The novel naturally starts with introducing our main characters, firming that requirement of the Reader identifying them, before throwing the fatted calf to the wolf as we make the Ocean View gallery in fairly quick fashion. We then get a fairly harrowing section of the novel where Trudy and Bruce become victims of a sadistic madman, albeit in a fairly unique setting. What Ms Brown does well here, between describing what's going down, is to leave the main festivities off the page. Hate to tell ya folks, but you are going to have to work out for yourself just what happened to Bruce in a room we never get to view firsthand. And this is the first block of the book, from there we move to paranoia, a degree of unease about who else was in the house and just how far their influence extends, and the central focus of After the Darkness, just how far would someone go to protect their selves and family? To paraphrase Romero in terms of a psycho thriller, "they are us and we are them". Pretty heady stuff really and you will be pumping through the pages as things deteriorate for our main characters. Is there a resolution? Your call on that particular requirement, though since we're not really looking at a sequel that I can see we can probably sign off on one.

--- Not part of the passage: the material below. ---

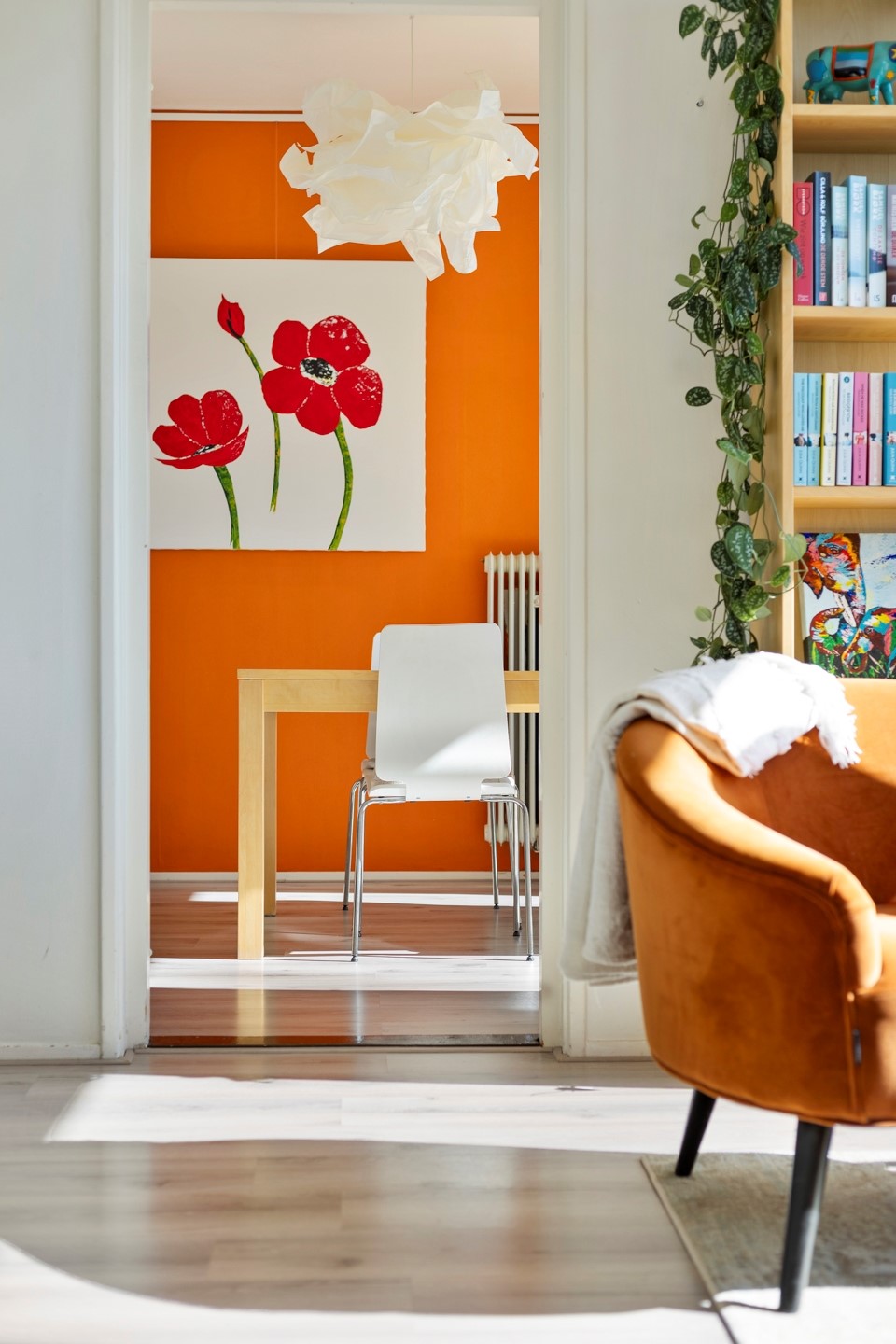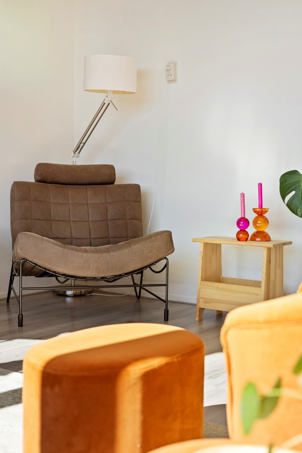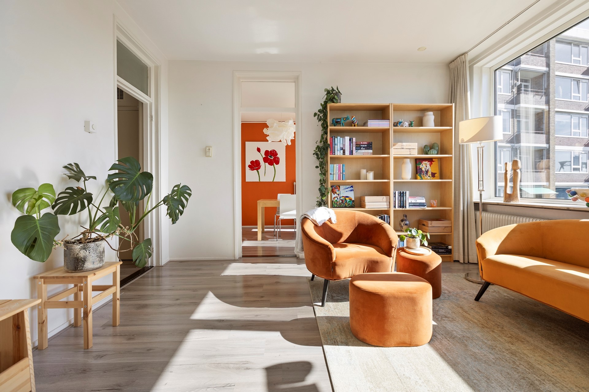 De woning bevindt zich op de derde etage en is via de trap in de centrale hal te bereiken. Bij binnenkomst sta je in de hal, met aan de voorzijde de lichte woonkamer van 18 m². Aangrenzend aan deze kamer zit een een kamer van ca. 9 m² die nu is ingericht als eetkamer maar ook als slaapkamer gebruikt kan worden. Hier bevinden zich twee inbouwkasten. Vanuit deze kamer is het balkon te bereiken, dat gelegen is op het zuiden: een fijne plek om tot in de late uurtjes van de zon te genieten.

What's interesting about After the Darkness, besides the book being a bloody good read, is that Honey Brown has set her main white middle class family, in a white middle class township that almost reads as the Australian Stepford. What the novel hammers away at is the old trope that Civilisation is a very thin veneer over the cracks caused by chaos entering normal lives. Hence we are definitely in horror territory with this one. It really is no surprise when the Harrisons leave their home in Delaney, the township has become alien to their new found reality, the fact that they then try and recreate their lives in another middle class paradise should equally come as no surprise. Is Honey Brown hitting the theme that we all crave our comfort zones? - another question you'll have to answer for yourself after reading the novel. What is apparent to even a casual read however is that there is more going down here than what one may have expected. But then we should have known the Author would have dug under the skin considering the previously published Red Queen.

Overall I guess the gorehounds are going to be very disappointed, there's a prevailing feeling of nastiness when the red hits the meat cleaver but Honey Brown doesn't go out of her way to draw things in graphic detail. The blood seeps through the pages rather than being splattered across them. Equally don't dial into After the Darkness if after one of those sexed up PR outings, while not being prim and proper, there also isn't a lot in the titillation department for the female demographics to get hot and bothered over.

What you do get is a well written tale of paranoia and creeping dread that almost forces you to turn the page to see what happens next. Honey Brown has dived into the quiet waters of atmospheric horror and constructed a plot that flows without disruption to a conclusion that might best be described as a truce between conflicts. Pure horror aficionados might be at pains to point out this novel isn't for them, but then there are plenty of spare rooms at the horror manse, try another one to see if the atmosphere might surprise. Well recommended novel for fans of the darker genre and fans of the thriller outing, a tightly woven tale of tension that will have you staying up late to finish.

I scored a copy of After the Darkness via the new Dymocks store that opened up at our local mall. The chick behind the counter could tell me I brought the last copy of the twenty they originally ordered in, but a second order was already placed. So in the wash up the novel should be available at your local bookstore and if not then it has probably sold out, ask when new stock is arriving. My copy had a $20 price tag, sucks to be us to be honest, so put that down as your benchmark. For foreign readers, any of the major online outlets should carry the book. Now I've got to hunt out Honey Brown's second novel, The Good Daughter.

Beyond Scary Rates this read as ...

  Original take on one of the core horror concepts that takes things in other directions.